### DATA FOR THIS EXERCISE
******************************
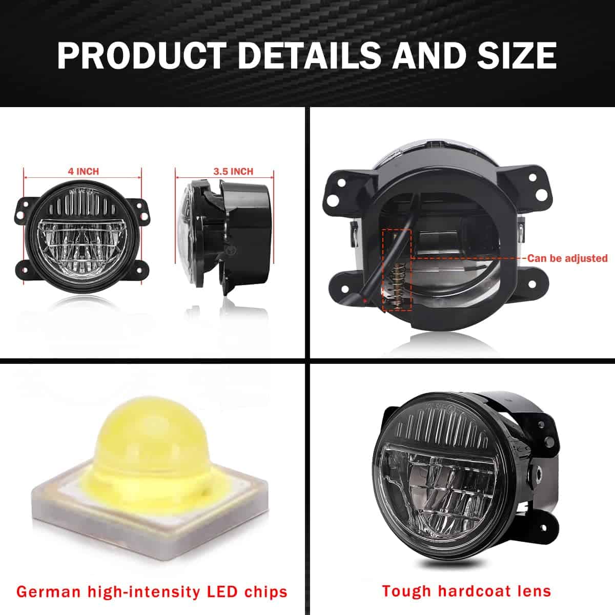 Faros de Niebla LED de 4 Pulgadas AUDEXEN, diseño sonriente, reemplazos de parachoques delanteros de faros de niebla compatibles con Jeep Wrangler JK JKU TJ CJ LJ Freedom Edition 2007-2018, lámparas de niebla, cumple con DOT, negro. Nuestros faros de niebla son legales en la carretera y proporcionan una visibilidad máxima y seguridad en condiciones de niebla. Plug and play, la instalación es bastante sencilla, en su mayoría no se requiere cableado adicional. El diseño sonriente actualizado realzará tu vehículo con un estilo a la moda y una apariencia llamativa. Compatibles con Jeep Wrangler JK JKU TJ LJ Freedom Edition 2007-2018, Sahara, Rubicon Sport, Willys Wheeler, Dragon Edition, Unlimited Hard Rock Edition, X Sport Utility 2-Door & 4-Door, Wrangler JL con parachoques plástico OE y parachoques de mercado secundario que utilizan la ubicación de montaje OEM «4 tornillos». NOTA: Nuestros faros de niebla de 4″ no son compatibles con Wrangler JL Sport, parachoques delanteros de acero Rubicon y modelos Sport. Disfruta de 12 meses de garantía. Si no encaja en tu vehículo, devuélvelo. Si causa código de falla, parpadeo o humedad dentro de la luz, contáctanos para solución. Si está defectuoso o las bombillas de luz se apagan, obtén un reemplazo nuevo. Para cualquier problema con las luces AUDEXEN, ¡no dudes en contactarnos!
******************************
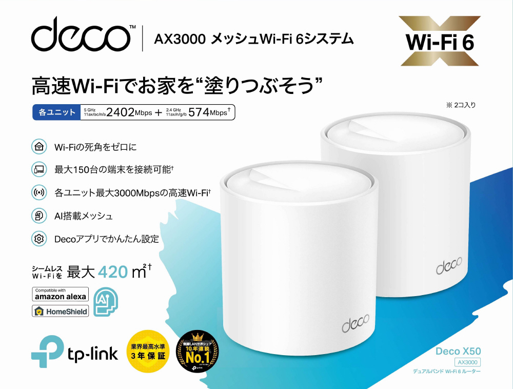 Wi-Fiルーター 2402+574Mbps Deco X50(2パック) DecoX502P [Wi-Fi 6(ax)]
******************************
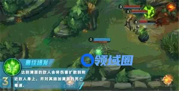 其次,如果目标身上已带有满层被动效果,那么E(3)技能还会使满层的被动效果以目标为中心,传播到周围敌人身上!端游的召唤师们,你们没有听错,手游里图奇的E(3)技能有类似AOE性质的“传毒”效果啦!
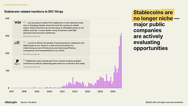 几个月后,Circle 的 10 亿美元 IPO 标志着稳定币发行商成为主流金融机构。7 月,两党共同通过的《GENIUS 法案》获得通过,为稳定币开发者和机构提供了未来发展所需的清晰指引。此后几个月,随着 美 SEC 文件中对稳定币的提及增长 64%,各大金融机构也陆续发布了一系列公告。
******************************
### THE PROBLEM
Please copy the lines above exactly, starting at the line that holds "其次,如果目标身上已带有满层" and ending at the line that holds "几个月后,Circle 的 10"; include both, but no pictures.

### THE ANSWER
 其次,如果目标身上已带有满层被动效果,那么E(3)技能还会使满层的被动效果以目标为中心,传播到周围敌人身上!端游的召唤师们,你们没有听错,手游里图奇的E(3)技能有类似AOE性质的“传毒”效果啦!
 几个月后,Circle 的 10 亿美元 IPO 标志着稳定币发行商成为主流金融机构。7 月,两党共同通过的《GENIUS 法案》获得通过,为稳定币开发者和机构提供了未来发展所需的清晰指引。此后几个月,随着 美 SEC 文件中对稳定币的提及增长 64%,各大金融机构也陆续发布了一系列公告。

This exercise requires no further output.